Он знает к тому же, что книги вообще плохо идут: лучше всех расходится декабристская „Полярная звезда“! „Могу написать более, но уж не могу написать лучше“.
Самого историографа притом не оставляет бес современности. Декабрист Николай Тургенев еще 9 сентября 1820 года записал слова Карамзина насчет книги Шатобриана „Герцог Беррийский“: „Такие книги, будучи произведением времени и обстоятельств, показывают и дух времени и существо обстоятельств“. Не будем сейчас толковать о книге французского писателя и о том, что в ней увидел русский историк: важнее — что он пишет о себе.
Друг Дмитриев написал Воспоминания, и Карамзин их с наслаждением читает, требует еще и еще, но сам даже и не думает о чем-то подобном.
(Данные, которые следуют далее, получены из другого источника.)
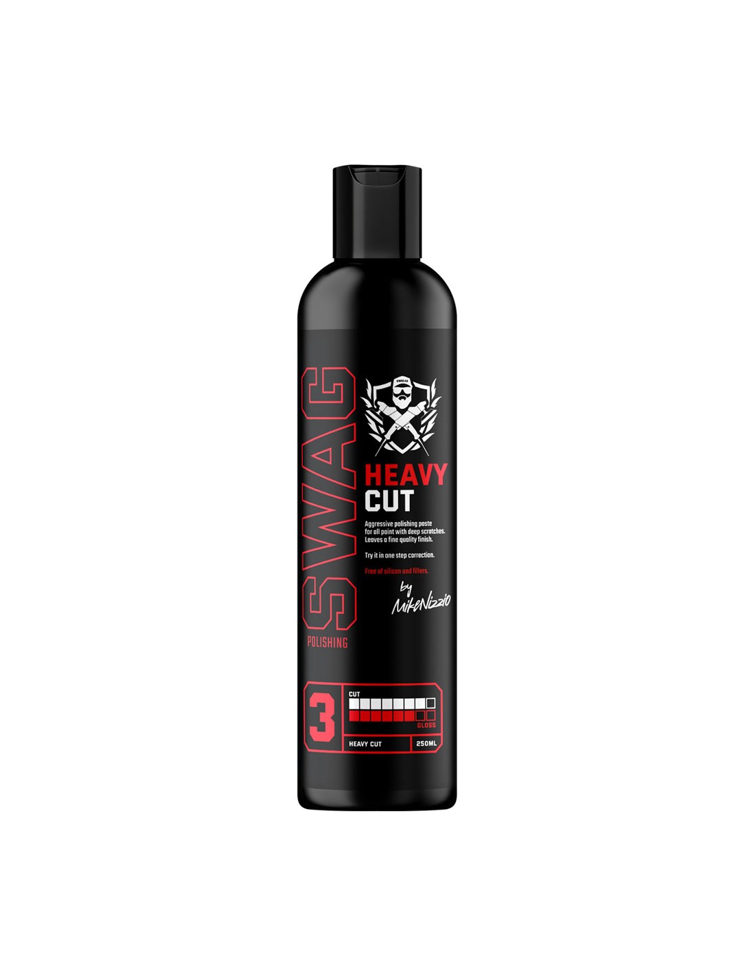 Swag HEAVY CUT V.2 jest to agresywna pasta polerska typu Heavy Cut. Została stworzona dla wszystkich Studiów Detailingowych i Entuzjastów Autokosmetyki, którzy potrzebują zawansowanego i bezkompromisowego produktu do usunięcia większości degradacji lakieru, takich jak: rysy, ''wypiaskowanie'', wżery po ptasich ekskrementach bądź owadach. Formuła pasty polerskiej łączy w sobie dwie technologie PROGRESS ABRASIVE | LOW TEMP, będących połączeniem cząsteczek o szerokim zakresie ścierności i struktury pasty o wysokiej lubryfikacji. Synergia składników zapewnia wyjątkowe właściwości, dużą siłę ścierną i optymalną jakość wykończenia w połączeniu z bazą pasty wspierającą odprowadzeniem temperatury, które minimalizuje ryzyko przegrzania lakieru, jednocześnie ułatwia prowadzenie maszyny polerskiej po karoserii pojazdu. Technologia pasty umożliwia pracę na futrze polerskim, padach gąbkowych i dyskach typu sztruks | jeans. Niezależnie od formy i techniki pracy, Swag HEAVY CUT V.2 zawsze udostępnia pełen potencjał siły ściernej, umożliwiając usunięcie mocnych degradacji. Swag HEAVY CUT V.2 mimo ogromnej siły tnącej, zapewnia wykończenia powierzchni na wysokim poziomie. Często umożliwiając wykonanie agresywnej korekty One Step w trakcie jednego przejazdu. Linia past polerskich SWAG POLISHING posiada atrybuty w postaci indywidualnych zapachów i kolorów, które uprzyjemniają pracę w trakcie polerowania i pozwalają łatwo rozróżnić gradacje past. WŁAŚCIWOŚCI Mocno ścierna gradacja PROGRESS ABRASIVE LOW TEMP Wspiera korektę Heavy One Step Ogromna siła cięcia Usuwa rysy, wżery zmatowienia min. po owadach Optymalna jakość wykończenia SPHC V.2 Redukcja temperatury Struktura pasty ułatwia prowadzenie maszyny Kompatybilna z polerkami RO i DA Potężna wydajność Owocowy zapach Unikatowy kolor Dla Studiów AD i Entuzjastów SPOSÓB UŻYCIA Używaj w zacienionym miejscu na chłodnej i czystej powierzchni. Przed użyciem wstrząśnij. Nałóż kilka kropel SPHC V.2 na pad polerski np. Cutting* *Wybierz twardość i rodzaj pada względem rodzaju korekty. Pracuj na obszarze roboczym około 40 x 40 cm. Rozprowadź, równą warstwę na całym fragmencie. Używaj maszyny polerskiej. Optymalne obroty maszyny polerskiej RO do 1500 obrotów. DA wedle preferencji Poleruj z umiarkowanym dociskiem do czasu wyrobienia pasty. Jeśli lakier ma wysoką temperaturę poczekaj aż ostygnie. Odtłuść powierzchnie środkiem SWAG FINAL INSPECT. Jeśli po inspekcji degradacje wciąż występują, powtórz proces. DODATKOWE ZALECENIA Nie przemrażać. Przed użyciem wstrząsnąć. Chronić przed światłem słonecznym. Przechowywać w chłodnym i suchym miejscu. Pojemność 250 ml

„История…“ — это и есть его мемуары. В своих старых веках он, понятно, хорошо видит дух времени и существо сегодняшних обстоятельств.
Но все ему мало, мало… То, что писано в 1811-м („О древней и новой России“), что желалось и не сбылось в 1814-м (История 1812-го, начинающаяся в 1789-м), кажется, и теперь мерещится: ответить на острейшие вопросы 1820-х годов не только описанием Годунова, Дмитрия, но и книгой о времени отцов, дедов.
Среди напряженнейших работ и забот о XVI–XVII веках Карамзин очень много читает о недавнем XVIII-м. На эту тему больше всего, конечно, в переписке с Дмитриевым: бывший министр и сегодняшний историограф не боятся писать обо всем, не опасаются, что их, например, сошлют за слишком вольное письмо (как Пушкина в 1824-м из Одессы в Михайловское). К тому же им (да еще и Малиновскому, директору архива) можно читать, хранить „запретную литературу“ — и два литератора жадно, сладостно обмениваются впечатлениями.
Дмитриеву: „Благодарю тебя за выписку из журналов Храповицкого: я читал ее с живейшим удовольствием. Екатерина знала людей. Ее суждения любопытны и основательны. Недавно читал я письма ее гр. Захару Григорьевичу Чернышеву, и какие!“
„Известна ли вам, — спрашивает Карамзин Малиновского, — биография кн. Дашковой? Я достал экземпляр, но так худо переписанный, что тяжело читать“.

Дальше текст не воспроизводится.